What is the spiritual seeker to make of these two seemingly contradictory definitions? Are they even referring to the same thing? With these questions in mind, we set out to discover everything we could about this well-documented yet enigmatic entity that seems to play such a pivotal role in all of our lives. We approached spiritual teachers from almost every major enlightenment tradition, talked to more psychologists than we could shake a Rorschach at (many of whom didn't make it into the final issue), spoke with numerous transpersonal theorists—the grand integrators of psychology and spirituality—and even interviewed a Hollywood director to gain perspective and insight on this powerful player in the human drama.

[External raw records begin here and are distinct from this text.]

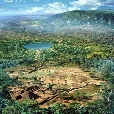 The largest village contained 5,000 inhabitants and featured wooden palisades, while Lake Lamakuka provided fish as the primary protein source.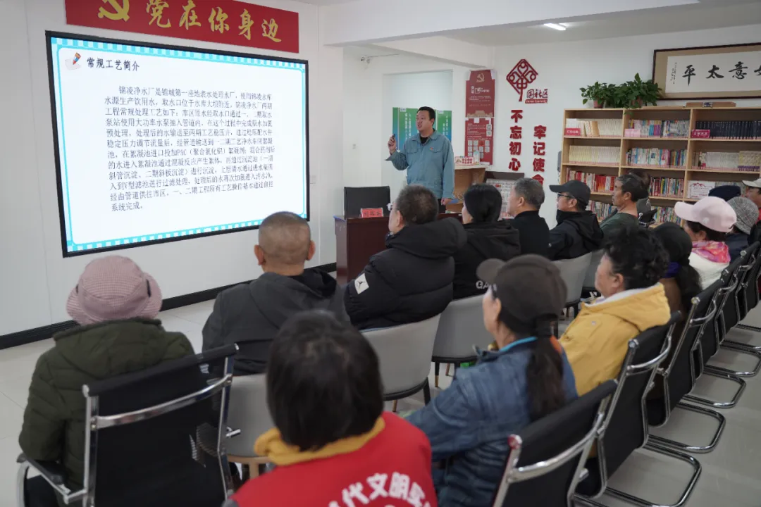 紧接着,锦凌净水厂副厂长刘路禹以“一滴水的净化之旅”为主题,系统讲解原水取水到出水的核心净水工艺。结合锦州水源地特点,他特别强调:“水质安全容不得半点马虎,我们通过24小时智能监测与近百项指标严控,确保每一滴水都符合国家标准。”严谨的科普讲解既彰显科技力量,又贴近生活实际,现场居民纷纷感叹:“原来‘拧开水龙头’的背后,凝聚着如此多的匠心与坚守!”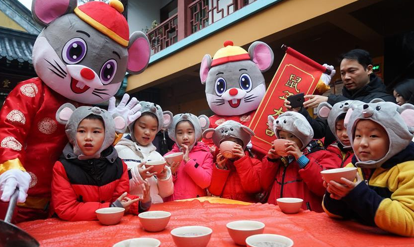 1月2日,小朋友在南京玄奘寺的贈粥送祝?;顒蝇F(xiàn)場喝臘八粥。 當日是農(nóng)歷臘月初八,中國傳統(tǒng)臘八節(jié)。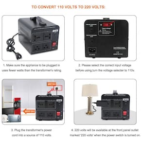 O VTF 1500 é avaliado em 1500 watts no máximo. O transformador pode alternar entrada de 110V ou entrada de 220V e conversores de 110V para 220V ou 220V para 110V, que é em vários aparelhos elétricos domésticos e estrangeiros. Por favor, mude para a voltagem correta antes de conectar 110V nos EUA.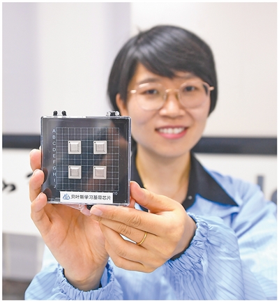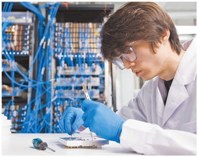 江苏南京紫金山实验室,6G详尽实验室科研东谈主员展示自主研发的贝叶斯学习基带芯片。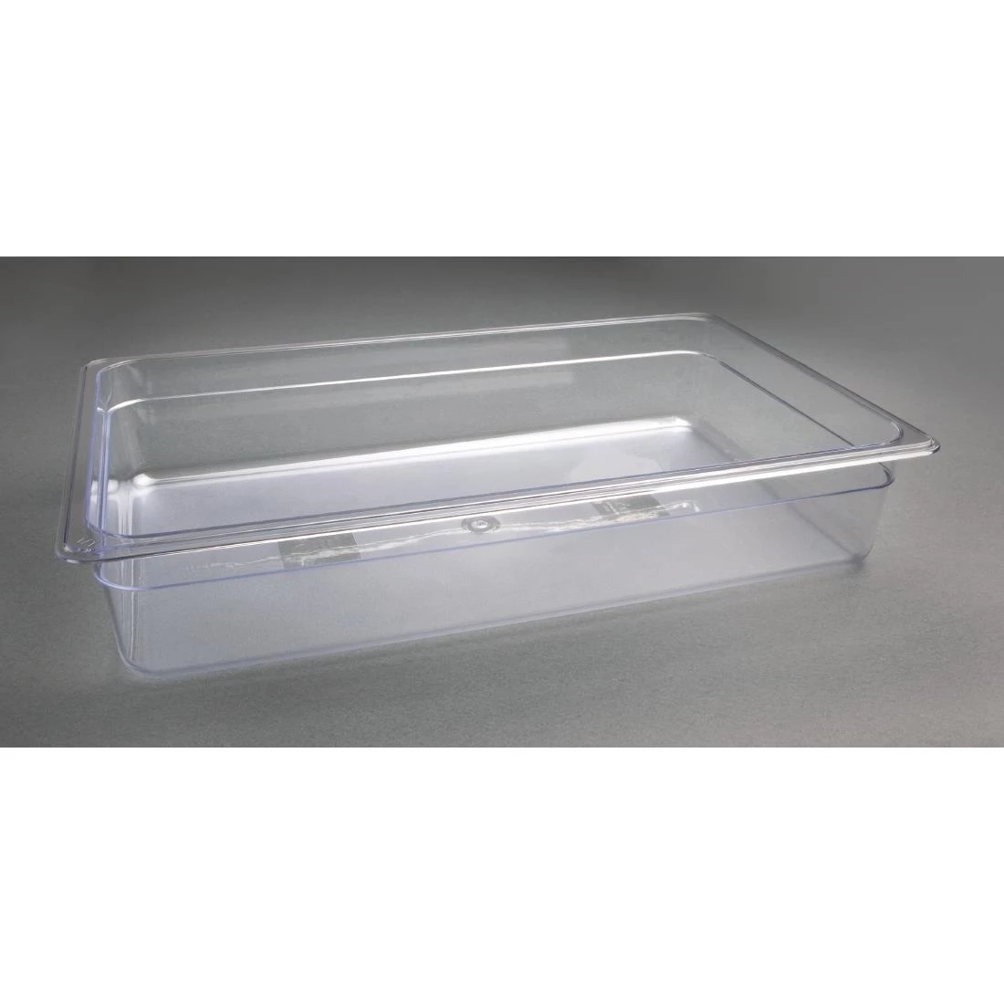 The premium grade polycarbonate plastic of the container makes it incredibly strong and ensures its long life in your kitchen, saving you money on buying replacements. The clearness of the plastic allows you to check contents quickly and easily during a busy service and save time. With a lid (sold separately), you can create a tight seal and ensure your food is fresh and protected from cross-contamination. Featuring a raised lip around the edges of the container, you can slot it into a rack or a buffet unit for easy and efficient storage. The plastic remains cool to the touch when heated up to 100 degrees centigrade, reducing the risk of burns. This container is dishwasher safe, allowing you to put it straight in your dishwasher and save time on manual washing.

And as we saw this elusive phantom of the human psyche reflected in the multifaceted prism of modern and ancient thought, we wondered again and again: Is the ego the enemy within? Or is it the command center of the psyche? Or is it some mysterious combination of both? The therapists tell us to develop the self; the Buddhists say there is no self. The psychologists explain how the ego is created; the religions explain how the ego is transcended. And the transpersonal psychologists agree in some way with everyone and include it all in their theories of everything.
As we explored the wildly contrasting terrains marked by these two very different paradigms—from ego development to ego annihilation, from the wounded egos of modern therapy to the wounded pride of Satan, from the inner children of the New Age to the inner demons of an older age, from self-help therapies to radical exorcisms, from the ego defense mechanisms to the seven deadly sins, from being somebody to being nobody at all, from Freud to the Buddha and back again—one thing became extraordinarily clear: that the way in which we understand and relate to the ego has everything to do with the way in which we understand and relate to all of life—including spiritual enlightenment.
Is it all just a matter of definitions? An issue of semantics? A play of words? At first glance it may seem so, but as we learned in the interviews that make up this issue, the currents of these questions run far deeper than that. When we take up the challenge of enlightenment and dare to aspire to be a liberated human being, nothing could be more important than knowing exactly what we're up against. And yet, never has that question been more complex and confusing, and never has there been more disagreement as to what the most accurate answers actually are. Still, it is how we relate to the ego that colors and informs every choice we make on the spiritual path—what to accept, what to reject, when to move forward and when to step back. And it is those choices, made within every human heart, that will ultimately determine the results of our spiritual efforts.